Plans for the series were discovered by the press, and on 28 August 1988 The Sunday Times ran a short article entitled "Row over papal satire".  The story was taken up by Catholic Herald, The Universe, The Observer and the Sun, linking the project to the furore over Martin Scorsese's The Last Temptation of Christ which at the time had been boycotted by the Catholic Church.  Cassidy took soundings from senior colleagues including Chief Executive Michael Grade, and Director of Programmes, Liz Forgan. Spokespeople from Channel 4 at first defended the production, denying it would be blasphemous, but when they came under increasing scrutiny they cancelled the project after advice from their lawyers. Instead they decided to commission one of Richardson's pet projects, a sequel to the "Five Go Mad..." Comic Strip films, entitled, "Five Go To Hell".  This project had originally been shelved due to the poor box office takings of Richardson's previous film Eat The Rich. However Five Go To Hell to date has never been filmed.

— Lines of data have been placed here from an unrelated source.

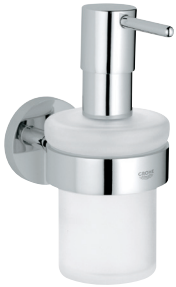
● ● 40 448 001 / EN1 Soap dispenser with holder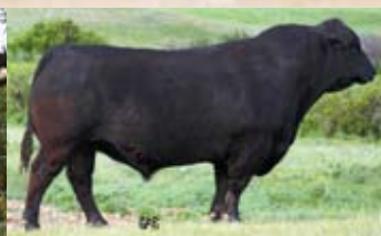
Peak Dot Predominant 135S Sire of Lot 28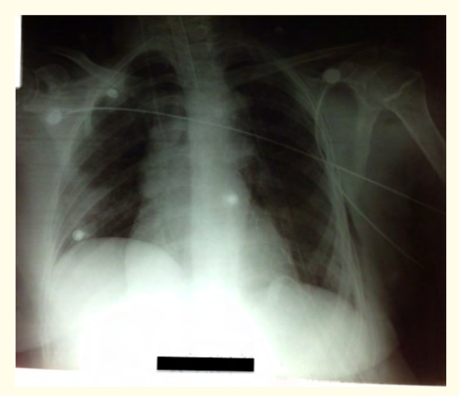
Figure 3: Postoperative chest radiography, showing reexpansion of the left lung. Trachea returned to normal position and the heart started to shift towards the left. Two chest drains are seen in the left haemithorax.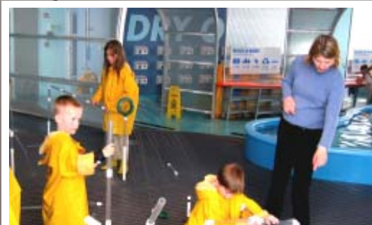
Children's Museum Pittsburgh Waterplay Exhibition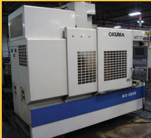
Okuma MX-55VB CNC Vertical Milling Machine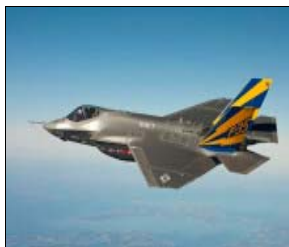
Burlington City Council delays taking up F-35 resolution

NEWS CONFERENCE ON VERMONT HEALTH CONNECT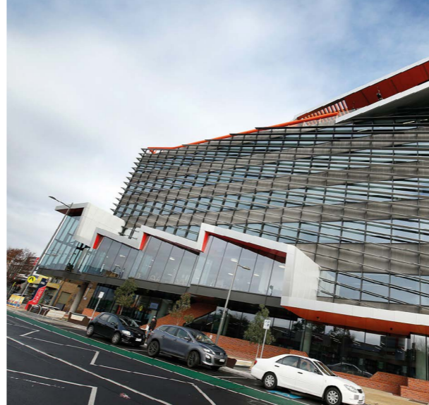
The new Sunshine Library is located over the first two floors of the Brimbank Community and Civic Centre.

Planning and rezoning should be developed in a way that complements the development of the hubs.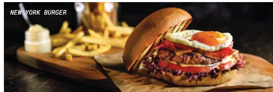
NEW YORK BURGER

After the controversy, Richardson took the Comic Strip Presents to the BBC, reportedly because Alan Yentob was more accommodating to his ideas. He began work on another series of Comic Strip films for the channel.  Two parts of the mini series were heavily re-written and appeared as episodes of the 1990 Comic Strip series, as Oxford and Spaghetti Hoops (which featured the story of Roberto Calvi). The remainder of the material was also rewritten and submitted to Palace Pictures, who produced the film with the backing of Channel 4. A production budget of £2.5 million was approved.

Filming
Filming began in late 1990. and took place on location in Yugoslavia, where John Ebden, the production designer, constructed studio sets of the Sistine Chapel and other Vatican landmarks.
The title of the film was deemed too sensitive to be disclosed to the Yugoslavians; its working title was "Sleeping With the Fishes."

Release
The film opened on 21 June 1991 in 170 screens across the United Kingdom. It took £534,614 in its opening week and went on to earn over £1.1 million ($1,737,740) on its UK release. 
It was released in the U.S. on 2 September 1991 on a limited release across 169 screens, taking $264,147 on opening week and grossing $582,510. The film also had limited distribution in Germany where it grossed DEM 367,603 ($224,520). The film struggled to make back its £2.5 million budget, grossing $2,544,770 overall (approximately £1.7 million).

Marketing
Daniel Battsek (then managing director of Palace Pictures, which produced the film) experienced trouble over the film's promotion, when London Transport banned the movie's posters from the London Underground. 'At first they said the theme of the film was liable to cause offense," said Battsek. "When I explained the story, they admitted it was the title. We compromised with a poster saying "Robbie Coltrane in The Pope."'  The film also caused controversy when it opened in the Republic of Ireland that August.  The film encountered more serious problems with promotion on its US release, with many newspapers refusing to include adverts, and CBS, NBC and ABC refusing to air television adverts for the film. Reasons cited for this were the sacrilegious tone of the film and advertising and the possible offence this would cause to readers and audiences. A CBS spokesperson said "The decision was made because the title and content would be offensive to a significant portion of our audience." whilst NBC responded "We feel (our viewers) would be seriously offended due to the ads' sacrilegious nature"  
12 other cities newspapers accepted advertising only after the content had been heavily censored. The Washington Post accepted an advert that read "The Pope Must. . . ." The Los Angeles Times requested changes in certain captions under photos in the ad. The Chicago Tribune and Sun-Times and The New York Times were among the few newspapers which accepted advertising without alterations.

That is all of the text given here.